Kekuatan Politik dan Penopang Era
Orde Baru Pertengahan
• Kekuatan Politik Orde Baru
Rezim, ABRI dan Islam
• Pilar utama rezim Soeharto adalah Angkatan Bersenjata Republik Indonesia. ABRI
terdiri atas empat angkatan: angkatan darat, laut, udara dan polisi. Dalam menjabat
sebagai presiden, Soeharto menggunakan pengetahuannya tentang politik dan
personel militer sepanjang masa kekuasaannya
Birokrasi
• Karl D.Jackson menyebut orde baru sebagai masyarakat politk birokrasi,
menggambarkan bagaimana arena politik sangat di dominasi oleh birokrasi Negara
Partai Golkar
• Golkar telah berperan sebagai partai hegemonic, yang meskipun dirinya sendiri tidak
mau disebut sebagai partai politik. Sebagai partai hegemonic, Golkar mempunyai
keunikan, yakni bukan partai kader dan partai massa.
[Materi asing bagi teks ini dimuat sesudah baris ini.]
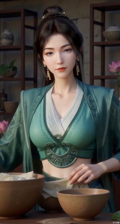 (masterpiece:1.2),best quality,A digital CGI image portrays a fair-skinned Chinese woman with jet-black hair elegantly styled in a chignon. She wears a traditional Chinese cheongsam featuring intricate floral patterns. The scene captures her wrapping zongzi at a rustic wooden table, surrounded by lush green leaves and bowls filled with glutinous rice. The environment is rich with details, including the texture of the table, the vivid colors of the leaves, and the warm tones of the room, emphasizing the festive ambiance of the Dragon Boat Festival.(huge breasts:2.99),(full breasts:2.99),(Background with traditional Chinese architecture, lotus pond and pink lotus flowers:1.39),Xmupeiling,XsongyuYK

Penopang Kekuasaan Orde Baru

• Rezim orde baru di bawah Soeharto telah mampu


mempertahankan kekuasaannya selama lebih dari tiga
decade. Pada tahun 1993, di majalah CEO/International
Strategis, Jeffrey Winters mengatakan bahwa setelah
Kim II Sung dari Korea Utara, Soeharto adalah kepala
Negara terlama di kawasan Asia saat itu, dan jika
Soeharto berhasil mempertahankan kekuasaan hingga
tahun 1996 maka ia akan menjadi kepala Negara
kepulauan terbesar di dunia selama tiga decade.
Represi politik
• Sejak orde baru melakukan konsolidasi politik pada awal tahun 1970-an,
tindakan kekerasan dan represif merupakan instrument utama yang
dipakai oleh pemerintah untuk mencapai stabilitas politik.
Klientelisme ekonomi
• Ini dilakukan seiring dengan melimpahnya sumber ekonomi yang berasal
dari hasil ekspor minyak dan hasil alam lainnya. Dengan sumber inilah,
Soeharto berhasil secara efektif membeli dukungan elit dan masyarakat
luas.
Wacana partikularistik
• Dalam kaitan ini, orde baru telah mengembangkan banyak wacana
partikularistik yang diorientasikan untuk memapankan orde baru, seperti
wacana tentang demokrasi pancasila, tanggung jawab social warga Negara,
hak asasi manusia (HAM) dan lain sebagainya.
Korporatisme Negara
• Korporatisme Negara dilakukan terhadap organisasi masyarakat yang
diarahkan sebagai sumber mobilisasi massa.